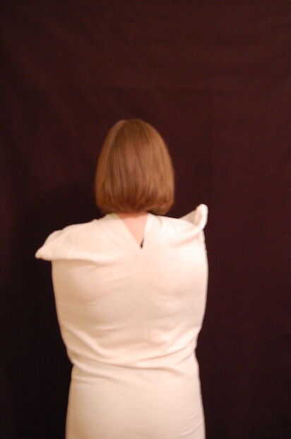 Una vez que la cabeza se adapta cómodamente a través del agujero que ha cortado, tire el resto de la funda hacia abajo alrededor de su cuerpo.
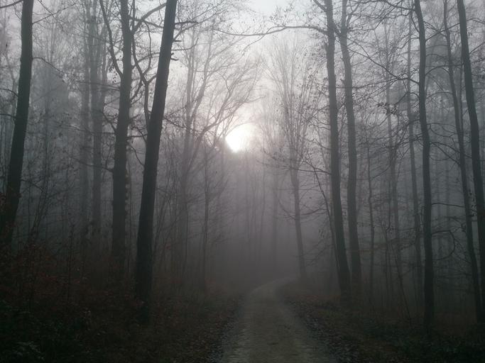 Keywords: forest fog autumn forest path colourless back light mood
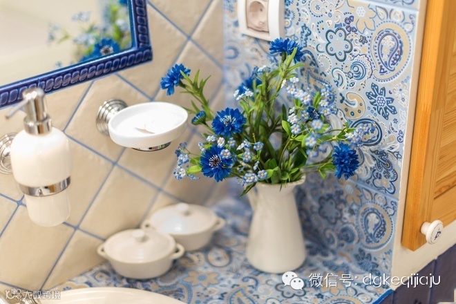 ,甜美的色彩,古朴的砖墙,如梦似幻。碎花窗帘与瓷砖让你仿佛置身花的海洋,吐露淡雅芬芳。
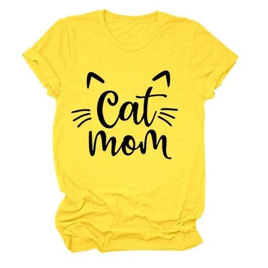 Yellow "Cat Mom" Vivid Letter Print Women T-Shirt Short Sleeve O-Neck Loose Ladies Tee Tops Clothes
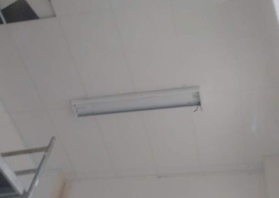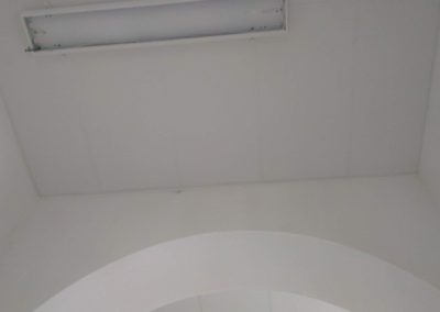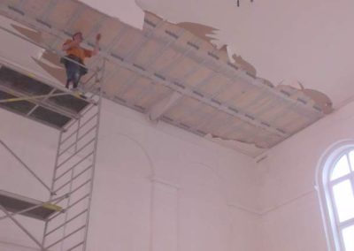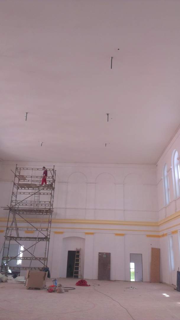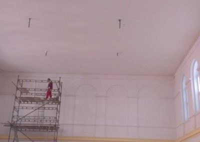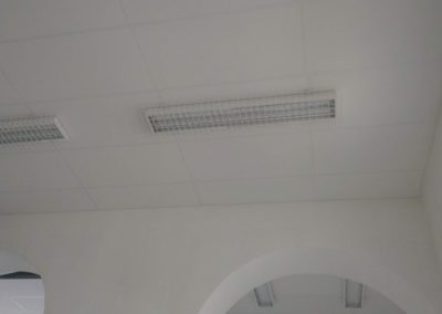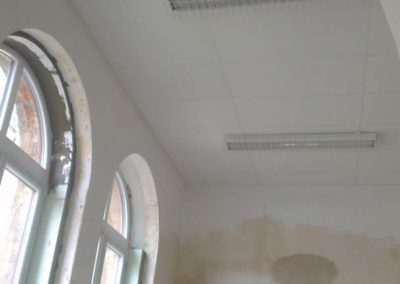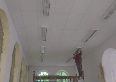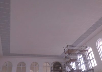 Byli jsme osloveni vyšším dodavatelem, který rekonstruoval ZŠ v Rumburku. Zadáním bylo dodat akustický podhled do dvou tělocvičen při dodržení akustické studie a předepsané doby dozvuku. Ve velké tělocvičně byl na stávajícím stropu namontován sádrokartonový podhled s minerální izolací a parotěsnou zábranou, oba dva prvky musely zůstat na svém místě. Naše práce tedy začaly demontáží, opatrně jsme demontovali sádrokartonový záklop, opravili parotěsnou folii a začali s montáží profesionálního akustického panelu ve statutu „širokopásmový akustický absorbér, třída pohltivosti A, koeficient pohltivosti aw=0,95“. Byl použit výrobek EUROCOUSTIC ACOUSTISHOCK, jedná se o akustický panel vhodný do tělocvičen, kde se provozují míčové hry. Tento panel je opatřen protinárazovou roznášecí mřížkou. Celková konstrukce podhledu byla dále opatřena protinárazovým systémem tak, aby nedocházelo k vyražení kazety z rastru podhledu. Architekt si vytvořil vlastní kladečský list s rozložením kazet včetně barevných variant. Po realizaci proběhlo závěrečné akustické měření, které prokázalo, že je vše tak, jak bylo vypočítáno v teoretické akustické studii.
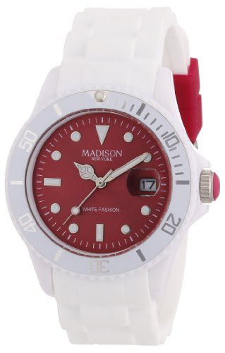 Madison New York - SU4359R8 - Montre Mixte - Quartz Analogique - Cadran Rouge - Bracelet Silicone Blanc Cela peut éventuellement s’agir de rechange montres votre choix
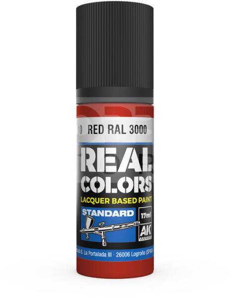 AK-Interactive Real Color - makett festék - Red RAL 3000 RC810 Magas miőségű akril lakk bázisú festék modellezéshez-makettezéshez. Használatával a lehető legpontosabb színeket érhetjük el méretarányos modelljeinken. Rendkívül jól használható festékszóróval. Az AK -Interactive Real Color festékek kiváló tapadással és fedőképességgel bírnak, gyorsan száradnak. Bár
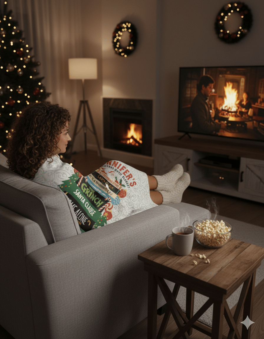 Let’s Shop Personalized Name Custom Christmas Movie Throw Blanket – Sherpa Blanket!

● ● ●

▸ **Exercise aim**:
Copy the records above exactly, from the first line through the line containing "Tee Tops Clothes", and leave out the pictures.

▸ **Reply to the exercise**:
 Una vez que la cabeza se adapta cómodamente a través del agujero que ha cortado, tire el resto de la funda hacia abajo alrededor de su cuerpo.
 Keywords: forest fog autumn forest path colourless back light mood
 ,甜美的色彩,古朴的砖墙,如梦似幻。碎花窗帘与瓷砖让你仿佛置身花的海洋,吐露淡雅芬芳。
 Yellow "Cat Mom" Vivid Letter Print Women T-Shirt Short Sleeve O-Neck Loose Ladies Tee Tops Clothes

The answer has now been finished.